SEO optimization - canonical tag updates #2317

Checklist

  • I have read the contributing guidelines and signed the CLA.
  • I have referenced an issue containing the design document if my change introduces a new feature.
  • I have read the security policy.
  • I confirm that this pull request does not address a security vulnerability.
    If this pull request addresses a security vulnerability,
    I confirm that I got approval (please contact [email protected]) from the maintainers to push the changes.
  • I have added tests that prove my fix is effective or that my feature works.
  • I have added the necessary documentation within the code base (if appropriate).

Further comments

Technical Details:

Trailing Slash Fix:

  • The issue was that dev server showed canonical URLs without trailing slashes while production builds included them
  • Adding trailingSlash: false ensures consistency across environments
  • Internal links were updated to use absolute paths with /docs/ prefix to ensure proper resolution

Troubleshooting Duplicate Content:

  • Previously had both /troubleshooting (manual index) and /category/troubleshooting/ (auto-generated) serving similar content
  • Solution: Remove manual index and redirect /troubleshooting/category/troubleshooting/ to consolidate to one canonical page
  • This eliminates the duplicate content penalty from search engines

Testing Instructions:

Before the fix:

  1. Run npm run build
  2. Look for /oauth2-oidc in the build directory
  3. Check the HTML file and observe that the canonical tag includes a trailing slash: <link rel="canonical" href="https://www.ory.sh/docs/oauth2-oidc/">

After the fix:

  1. Run npm run build
  2. Look for /oauth2-oidc in the build directory
  3. Check the HTML file and observe that the canonical tag no longer has a trailing slash: <link rel="canonical" href="https://www.ory.sh/docs/oauth2-oidc">

Update: Pivoted Approach

Previous Approach (Abandoned):
Initially attempted to set trailingSlash: false in Docusaurus config, but this broke hundreds of relative links throughout the documentation.
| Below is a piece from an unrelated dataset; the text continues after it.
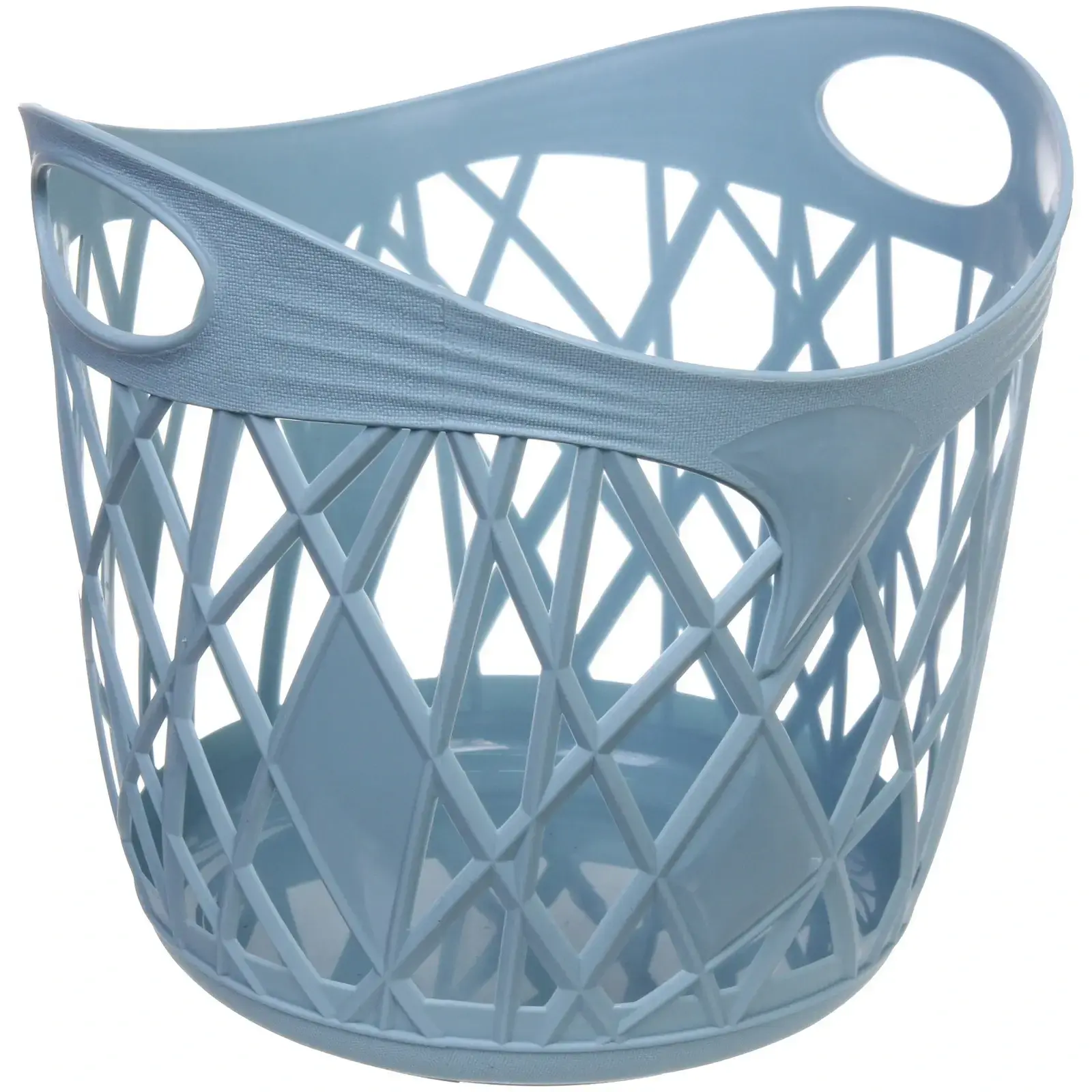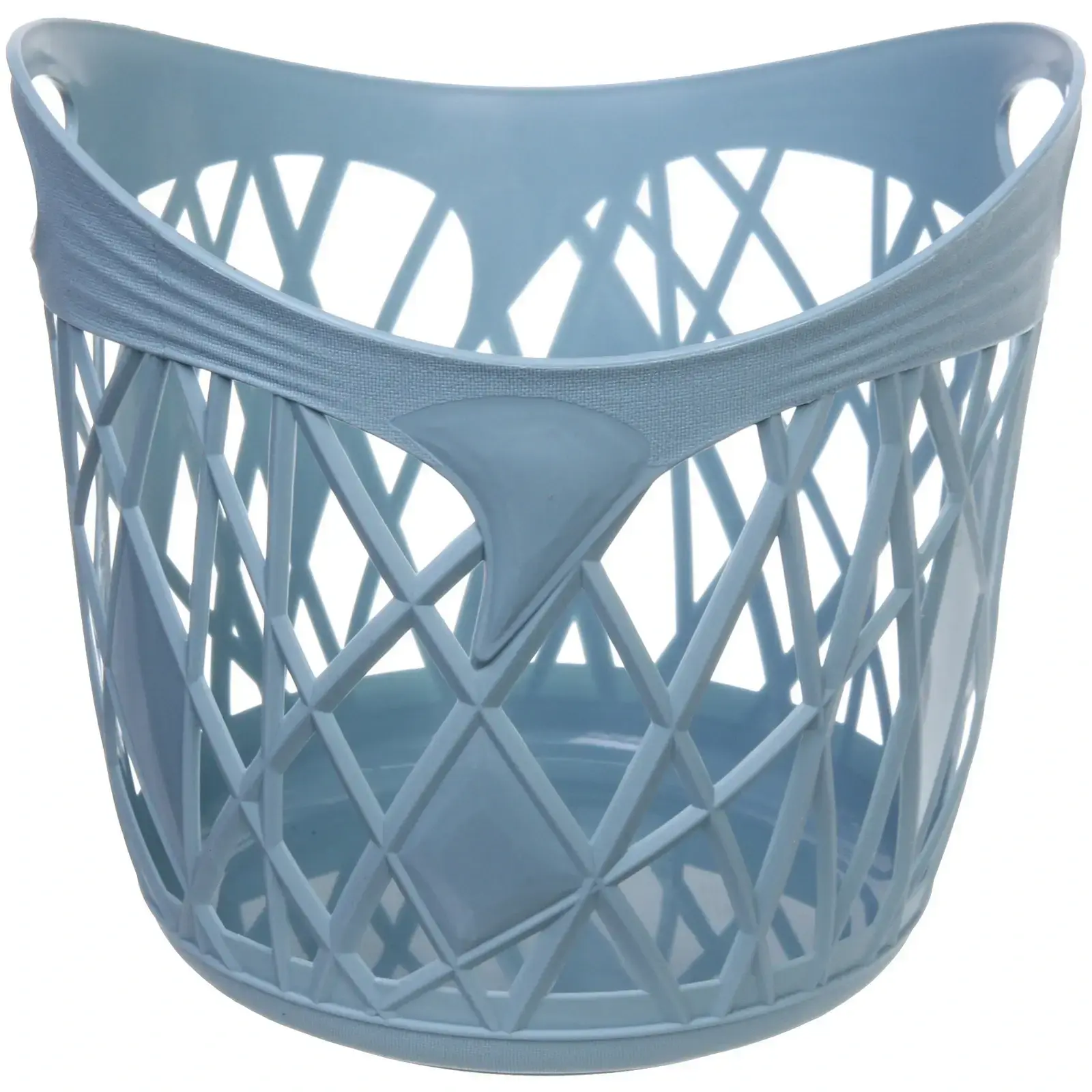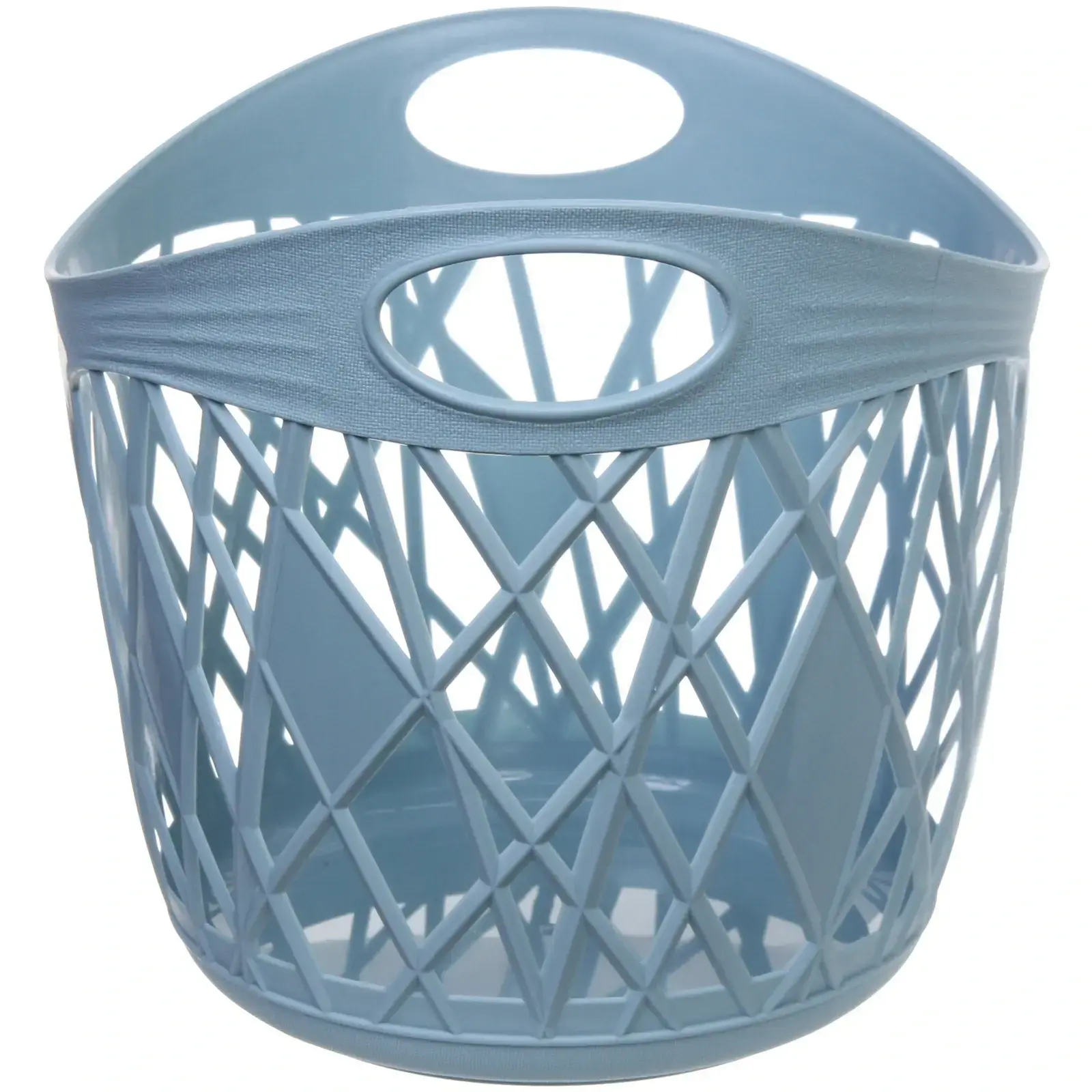 Корзинка имеет круглую форму и размеры 25.5х25х23.5 см, что делает ее идеальной для использования в различных помещениях: от детской комнаты до ванной. Две удобные ручки обеспечивают легкость переноски, а сетчатая структура позволяет видеть содержимое, что упрощает поиск нужных вещей.

Current Approach (Implemented):
Implemented a fix using a reusable CanonicalUrl component that:

  • Targets only the specific files that generate trailing slashes (index files and directory-named files)
  • Preserves all existing relative links and navigation structure
  • Fixes canonical URLs without disrupting the established documentation patterns

@CLAassistant
Copy link

CLAassistant commented Sep 26, 2025

CLA assistant check
All committers have signed the CLA.

@jaygiang jaygiang changed the title Chore/canonical forward slash chore/canonical forward slash Sep 26, 2025
@jaygiang jaygiang changed the title chore/canonical forward slash chore: canonical forward slash Sep 26, 2025
Copy link
Member

@aeneasr aeneasr left a comment

Choose a reason for hiding this comment

The reason will be displayed to describe this comment to others. Learn more.

Thank you for the PR! Unfortunately, all links in the docs must be relative, otherwise many things break:

  • Links will keep working on the GitHub interface and many Markdown editors
  • You can customize the files' slugs without having to update all the links
  • Moving files around the folders can be tracked by your editor, and some editors may automatically update file links
  • A versioned doc will link to another doc of the exact same version
  • Relative URL links are very likely to break if you update the trailingSlash config

Please also read: https://docusaurus.io/docs/markdown-features/links

If you find broken links please resolve them with the relative path structure.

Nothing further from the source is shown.